Berikan pengertian untuk tidak digaruk.

b. Terapi Lokal
Salep / krim / losio kortikosteroid.
c. Terapi Sistemik

Anti histamin.

Kortikosteroid ; dosis 40-60 mg.

Antibiotik ; Eritromisin, Dewasa 4x 250 mg/hr. Anak 4x 125 mg/hr.

B. KONSEP KEPERAWATAN

1. PENGKAJIAN
a. Kaji faktor penyebab terjadinya gangguan.
b. Kaji pengetahuan tentang faktor penyebab dan metode kontak.
c. Kaji adanya pruritas, nyari dan rasa terbakar.
d. Kaji peningkatan stress yang diketahui pasien.

e. Kaji tanda-tanda infeksi.


f.

Riwayat infeksi yang berulang-ulang.

g. Kaji faktor yang memperparah.


h. Pada reaksi ringan kulit terlihat merah dan terdapat vesicle.
i.

Pada reaksi berat terdapat ulceration, bulla buosion.

2. DIAGNOSA KEPERAWATAN
a. Nyeri : gatal berhubungan dengan inflamasi pada kulit.
b. Gangguan body image berhubungan dengan lesi pada kulit.
c. Kurangnya pengetahuan berhubungan dengan kurangnya informasi tentang
alergen-alergen dikulit.
d. Resiko tinggi infeksi berhubungan dengan tahanan primer tidak adekuat.

3. INTERVENSI KEPERAWATAN
Diagnosa 1
Nyeri ; Gatal berhubungan dengan inflamasi pada kulit.
Tujuan : Mengurangi rasa gatal.
Tindakan :

Hindarkan semua bahan yang menyebabkan.

Jelaskan pengertian untuk tidak digaruk.

Kolaborasi dokter pemberian anti histamin.

Diagnosa 2
Gangguan body image berhubungan dengan lesi pada kulit.
Tujuan : Menyatakan penerimaan situasi diri, pasien memiliki konsep diri yang
positif.

Tindakan :

Kaji makna kehilangan / perubahan pada pasien.

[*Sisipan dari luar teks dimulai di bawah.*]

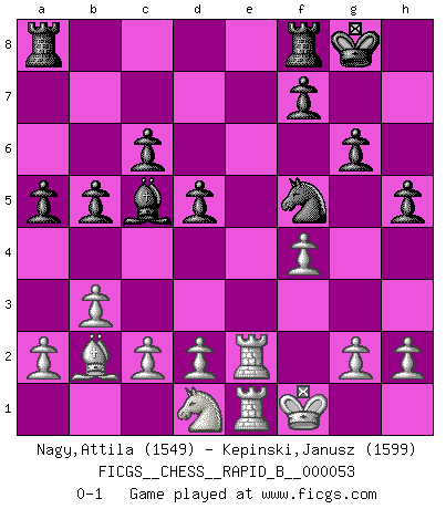 Last move : 0-1 2007 September 27 16:14:19 [Event "FICGS__CHESS__RAPID_B__000053"] [Site "FICGS"] [Date "2007.05.23"] [Round "1"] [White "Nagy,Attila"] [Black "Kepinski,Janusz"] [Result "0-1"] [WhiteElo "1549"] [BlackElo "1599"] 1.e4 e6 2.b3 b6 3.Bb2 Bb7 4.Nc3 Be7 5.f4 Nh6 6.Nf3 O-O 7.Bd3 Ng4 8.Qe2 Bc5 9.Na4 Be7 10.O-O Nc6 11.Nd4 Nh6 12.Rf3 Nxd4 13.Bxd4 d5 14.Rg3 g6 15.Bb2 dxe4 16.Bxe4 Bxe4 17.Qxe4 Qd5 18.Qxd5 exd5 19.Re3 Nf5 20.Re2 h5 21.Rae1 b5 22.Nc3 Bc5+ 23.Kf1 c6 24.Nd1 a5 0-1 This chess game has been lost on time (started : 2007.05.23 22:9:31) French : Reti (Spielmann) variation Kingside Castling by player Black (move 6) Kingside Castling by player White (move 10) Player Black won this chess game. Follow this game move after move (download)I believe that Chess possesses a magic that is also a help in advanced age. A rheumatic knee is forgotten during a game of Chess and other events can seem quite unimportant in comparison with a catastrophe on the chessboard. (Vlastimil Hort) Früher wurde jeder komplizierte Zug, jedes interessante Opfer mit großem Beifall und Enthusiasmus aufgenommen. Heute schaltet man einfach seinen Fritz an, und man kann sehen, was los ist, ob der Zug geht oder nicht. (Vladimir Kramnik) Los problemas de Ajedrez exigen del compositor las mismas virtudes que caracterizan todo el arte de valor: originalidad, invención, concisión, armonía, complejidad e insinceridad explendida. (Vladimir Nabokov) C'est la seule position que je connaisse où les deux camps sont mals. Propos prêtés à V. Anand. 'preceded by its own quotation yields a falsehood' preceded by its own quotation yields a falsehood. (W. V. O. Quine - Set Theory And Its Logic, 1953)

Berikan penguatan positif terhadap kemampuan dan dorong usaha untuk


mengikuti tujuan rehabilitasi.

Berikan kelompok pendukung untuk orang terdekat dan beri informasi


bagaimana mereka dapat membantu pasien.

Diagnosa 3
Kurangnya pengetahuan berhubungan dengan kurangnya informasi tentang
alergen-alergen .
Tujuan : Menyatakan pemahaman kondisi, prognosis dan pengobatan.
Tindakan :
Penkes yang meliputi pengetahuan pasien untuk mengenali agen penyebab,
perjalanan penyakit, faktor yang memperberat dan cara perawatan.

Diagnosa 4
Resiko tinggi infeksi berhubungan dengan pertahanan primer tidak adekuat.
Tujuan : mencapai penyembuhan luka tepat waktu, bebas eksudat purulen
dan tidak demam.
Tindakan :

Tekankan pentingnya teknik cuci tangan yang baik.

Periksa area terkena.

Kaji adanya tanda-tanda infeksi.

Kolaborasi dengan dokter dalam pemberian obat antibiotik.

DAFTAR PUSTAKA
Junaidi Purnawan. (1982). Kapita Selekta Kedokteran. Edisi kedua. Jakarta : Media
Aesculapius
Mulyono. (1986). Pedoman Pengobatan Penyakit Kulit dan Kelamin. Edisi pertama. Jakarta :
Meidian Mulyajaya
A. Kenneth. (1984). Pedoman Terapi Dermatologis. Yogyakarta : Yayasan Essentia Medica :
http://www/medicastore.com/med/detail_pyk_php?
idktg:14&iUD:200509161940052002159.126.194.
Anderson Sylvia. (1985). Patofisiologi. Bagian I. Edisi pertama. Jakarta : EGC
Doengoes, Marilyn E,.(1999). Rencana Asuhan Keperawatan Pedoman untuk Perencanaan
dan Pendokumentasian Perawatan Pasien.EGC : Jakarta.